#### [Problem statement]
Would you copy the records below, exactly and only from their first line through the line containing "Nóż Ranger został", without any pictures?

-=-=-

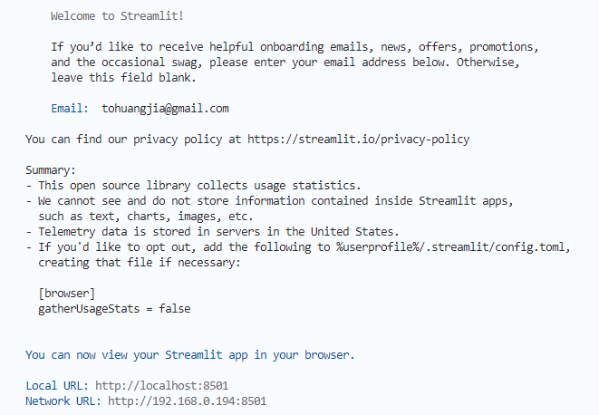 用 streamlit run <your_script_name>.py(注意,必须是streamlit run命令,而不是通过python命令来跑程序)来运行程序,就可以在浏览器中看到它。
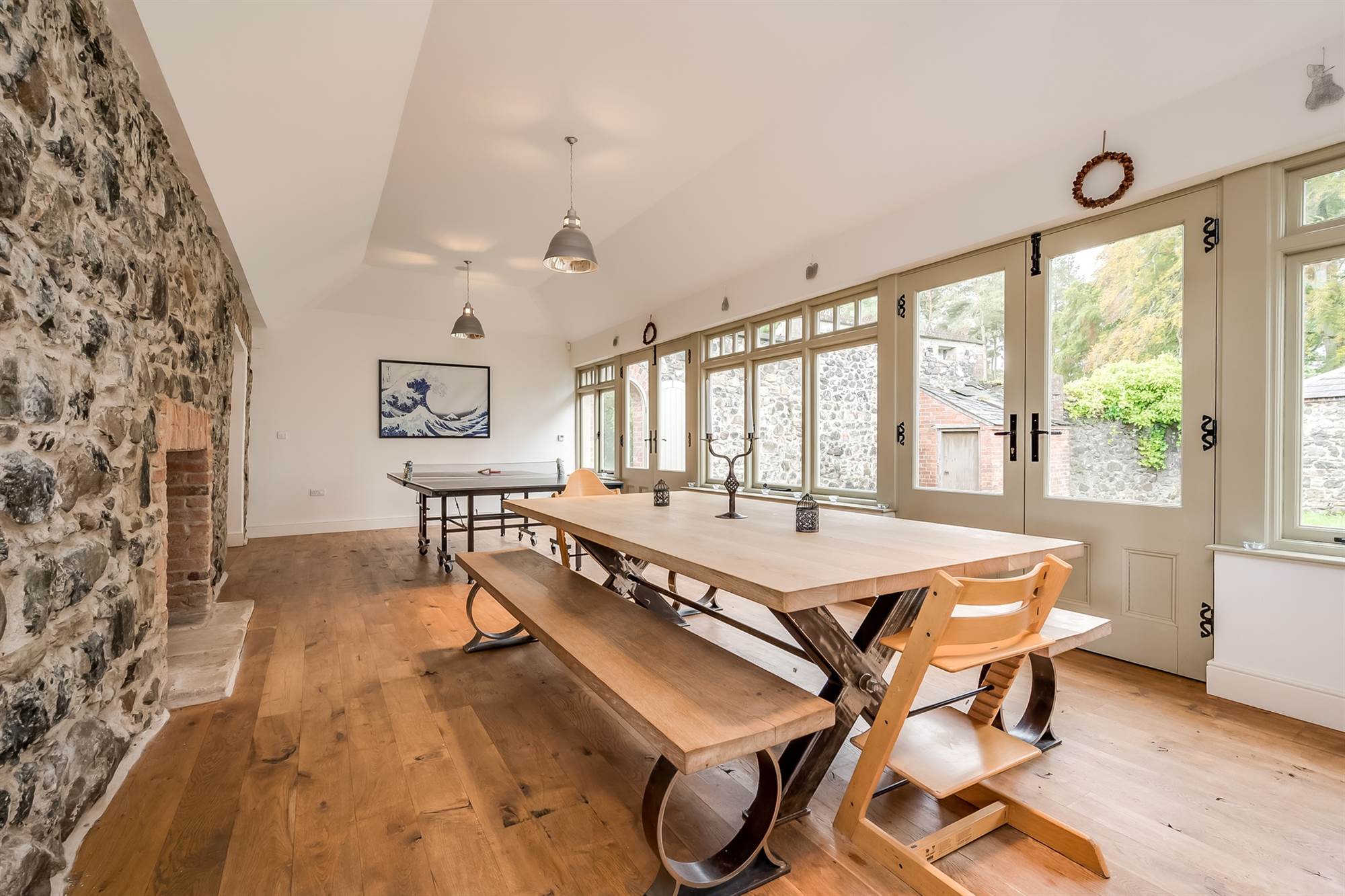 Casual Dining Area Open Plan to Modern Fully Equipped Hand Painted Kitchen with Oil Fired Aga. Separate Utility Room
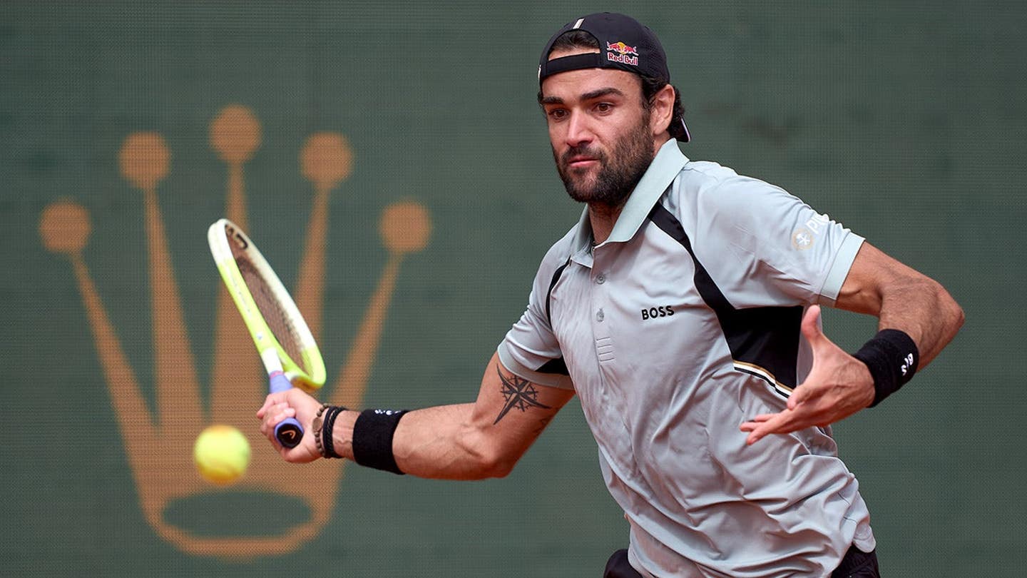 Matteo Berrettini of Italy hits a forehand during his round of 32 match against Daniil Medvedev at the Rolex Monte-Carlo Masters in Monte-Carlo, Monaco, on April 8, 2026. (Mateo Villalba/Getty Images)
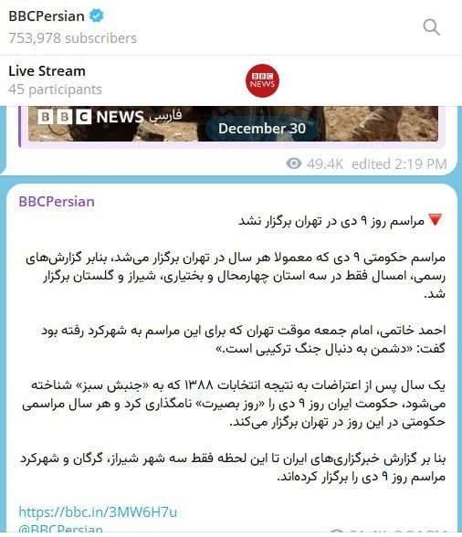 به گزارش خبرنگار سیاسی خبرگزاری تسنیم، بی‌بی‌سیِ فارسی عصر امروز در خبری نوشت که مراسم «مراسم روز 9 دی در تهران برگزار نشد»!
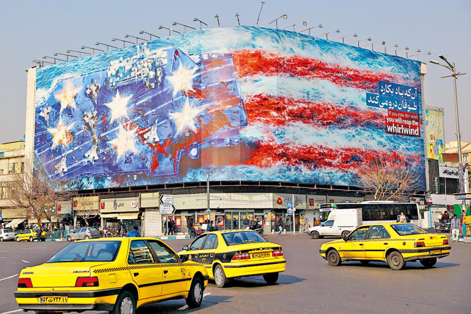 美伊關係緊張之際,伊朗首都德黑蘭市中心廣場一幅新壁畫揭幕,顯示美軍航母甲板上,停放着數架被摧毀的戰機,並配有波斯語和英語標語:「種下風者,必收穫風暴。」(意為惡有惡報)直接警告美國不要對伊朗發動軍事打擊,否則伊朗必將反擊。伊朗總統佩澤希齊揚警告,由美國或以色列發起、針對哈梅內伊的任何襲擊,都將被視為針對伊朗的全面戰爭。
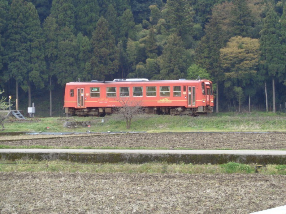 정류소에 이르니 멀리 기차 가 들어오는게 보이는데 후쿠이역에서 JR 에쓰미호쿠선 기차
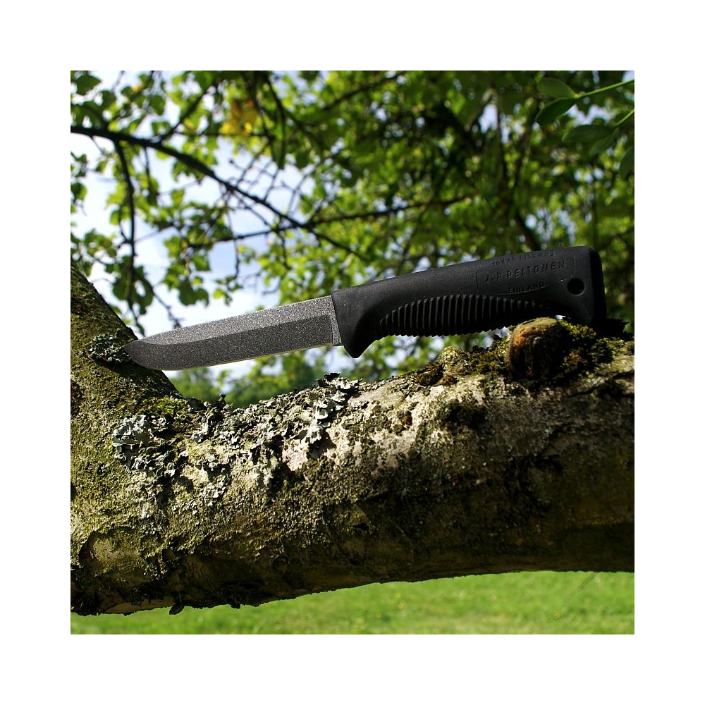 Nóż Ranger został zaprojektowany przez J-P Peltonena, kapitana Fińskich Sił Obronnych. Ostrze ze stali węglowej z powłoką teflonową, rękojeść z polimeru Thermoflex, skórzana pochewka.
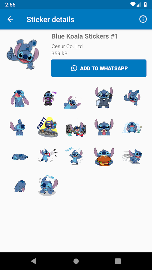 WhatsApp could have done a better job with its sticker feature. And back to this app, I love how it says 2020 because there is another Blue Koala Stitch Stickers For WhatsApp some time ago that’s an older generation. I appreciate the developers for keeping the name straightforward and not confusing at all. This way, people with newer needs or who are looking for something special and more modern, could easily get access to this app. The interface is not the best in this app to be fair because all it has on there is something called a sticker Packs category for you to choose different packs of stickers. I mean, the interface can have a feature with Blue Koala and the wording and selection could be more interesting as well since I’m assuming people who get this app loves animals and cute creatures. It’s just that this app seems too straightforward and a bit dry to use. The app has everything you need because if you think you like one of the Packs of stickers it can take you straight to the adding function of WhatsApp and the demonstrations of each and different single sticker are great and it’s pretty simple to take a look at. All you have to do to get the stickers on WhatsApp is just to download this app which barely takes any space so it’s super friendly to someone who doesn’t have enough storage on their phones. And you open the app and choose the one package you want and add. You will see the set of stickers being added on the WhatsApp messenger.
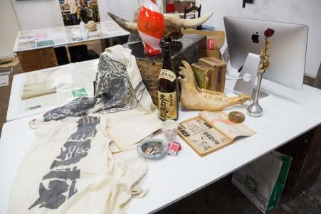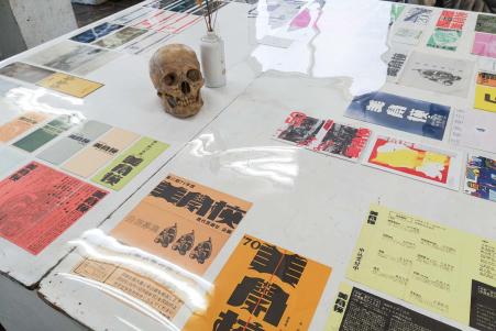 手前のテーブルには、初年度から現在までの募集チラシを並べました。机上の骸骨は中村宏教場で描かれていたモチーフです。
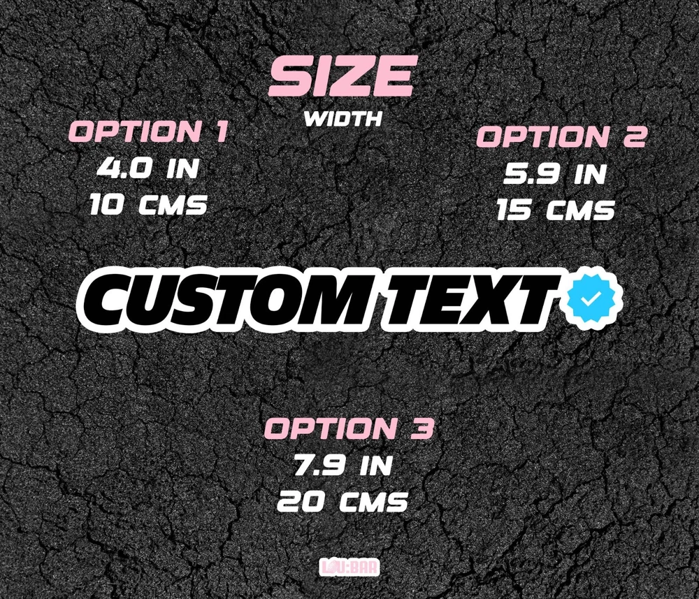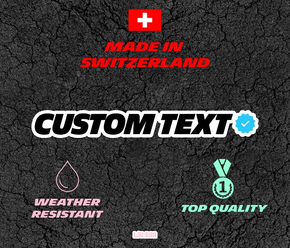 "Custom Text" Certified Blue Check/Tick Sticker Get your custom text certified blue check/tick sticker ! Available in various sizes. Enquire quote for custom sizes. IMPORTANT - Provide your custom text after ordering by message - ATTENTION: Only 12 characters allowed, including whitespace(s). - Bigger text? Enquire quote first. All our stickers are high quality and will last long in time as they are weather resistant. They can be used as decals without any issue. 100% handmade in Switzerland: from the design, the printing, the cutting to the shipping. ----------------------------------------------------- SIZE ----------------------------------------------------- Option 1 3.0 inches or 7.5 cms or 750 mms Option 2 3.92 inches or 10.0 cms or 100 mms Option 3 5.9 inches 15 cms 150 mms Option 4 7.9 inches 20 cms 200 mms ----------------------------------------------------- M A T E R I A L S ----------------------------------------------------- Vinyle. Application: Outside. Weather Resistant: Yes. ----------------------------------------------------- SHIPPING INFORMATION ----------------------------------------------------- Shipping within 48-72 hours. To maintain low shipping costs, there are no tracking options available and the stickers are sent using a normal envelope. ----------------------------------------------------- N O T E S ----------------------------------------------------- The colors may vary depending on your screen settings. If you have any hesitations or questions, don’t hesitate to message us.

-=-=-

#### [Response below]
 用 streamlit run <your_script_name>.py(注意,必须是streamlit run命令,而不是通过python命令来跑程序)来运行程序,就可以在浏览器中看到它。
 Casual Dining Area Open Plan to Modern Fully Equipped Hand Painted Kitchen with Oil Fired Aga. Separate Utility Room
 Matteo Berrettini of Italy hits a forehand during his round of 32 match against Daniil Medvedev at the Rolex Monte-Carlo Masters in Monte-Carlo, Monaco, on April 8, 2026. (Mateo Villalba/Getty Images)
 به گزارش خبرنگار سیاسی خبرگزاری تسنیم، بی‌بی‌سیِ فارسی عصر امروز در خبری نوشت که مراسم «مراسم روز 9 دی در تهران برگزار نشد»!
 美伊關係緊張之際,伊朗首都德黑蘭市中心廣場一幅新壁畫揭幕,顯示美軍航母甲板上,停放着數架被摧毀的戰機,並配有波斯語和英語標語:「種下風者,必收穫風暴。」(意為惡有惡報)直接警告美國不要對伊朗發動軍事打擊,否則伊朗必將反擊。伊朗總統佩澤希齊揚警告,由美國或以色列發起、針對哈梅內伊的任何襲擊,都將被視為針對伊朗的全面戰爭。
 정류소에 이르니 멀리 기차 가 들어오는게 보이는데 후쿠이역에서 JR 에쓰미호쿠선 기차
 Nóż Ranger został zaprojektowany przez J-P Peltonena, kapitana Fińskich Sił Obronnych. Ostrze ze stali węglowej z powłoką teflonową, rękojeść z polimeru Thermoflex, skórzana pochewka.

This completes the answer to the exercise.